[uitgebreid met reactie Volkskrantombudsman, 13 september 2022]
Niet dat ze dit verbloemt, nee, net als in de bekende WC-eendcommercial uit 1989, waarin de producenten het gebruik van hun schoonmaakmiddel propageren, prijst de bloemlezer haar eigen product open en bloot aan:
“Voor de jubilerende uitgeverij Athenaeum-Polak & Van Gennep (sinds 1962) verzamelden latinist Vincent Hunink en ik het mooiste uit de klassieke literatuur in de bloemlezing ‘Een blijvend bezit’, die deze week verschijnt.
(…) Perpetua’s dagboek [een van de openomen verhalen – RO] mocht in de bloemlezing niet ontbreken, vonden wij. Het verdient een breder publiek.
(…) ‘Een blijvend bezit’ is geen revolutionair boek, geen poging om de klassieke canon (wat dat ook mag zijn) omver te werpen. Het is een ruime keuze uit al het moois dat Athenaeum de afgelopen zestig jaar in vertaling heeft uitgebracht.
(…) Zo is het boek ook een poging om gaten te vullen, blinde vlekken te traceren. Met oog voor de traditie, maar ook met een brede blik. (…) Verfrissend, toch?”
Het mooiste uit de klassieke literatuur? Het verdient een breder publiek? Al het moois dat een uitgeverij de afgelopen zestig jaar heeft uitgebracht? Verfrissend?

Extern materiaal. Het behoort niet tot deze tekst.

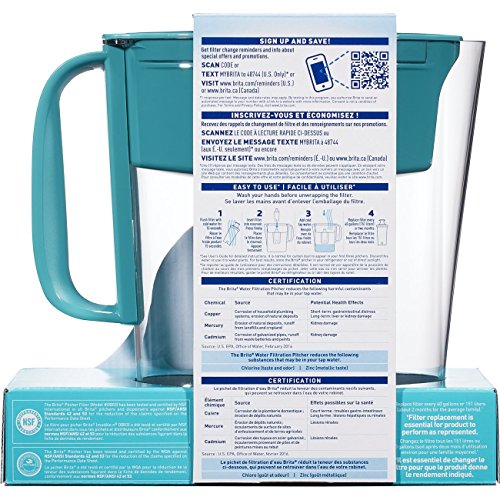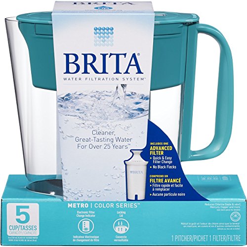 With the Brita 5 Cup Metro Water Filter Pitcher, it is easy to drink healthier, great tasting water. Using technology which combines coconut-based activated carbon with ion exchange resin, the Brita advanced filter reduces the taste and odor of chlorine to deliver great tasting water while removing copper, mercury and cadmium impurities that can cause illness over time. The Brita Metro Pitcher is BPA-free and comes with an electronic filter indicator which notifies you when it is time to replace your filter. Change your filter every 40 gallons or approximately every two months. The small, 5 cup capacity makes this pitcher perfect for kitchen and office refrigerators. Ergonomically designed, this water filter pitcher features a flip top lid for no fuss refilling. By drinking filtered water, you are reducing the amount of plastic bottles that end up in our landfills and oceans. One Brita water filter used equals 300 plastic bottles saved. Start drinking healthier, great-tasting water with Brita today.Feature

Hoe ongeloofwaardig wil je als journalist zijn? Hoe onbetrouwbaar als onafhankelijk nieuwsmedium wil een krant zijn? En verfrissend? Alleen voor liefhebbers van gecorrumpeerde journalistiek en complotwappies, die in dit stuk álle waandenkbeelden over de Main Stream Media bevestigd zien.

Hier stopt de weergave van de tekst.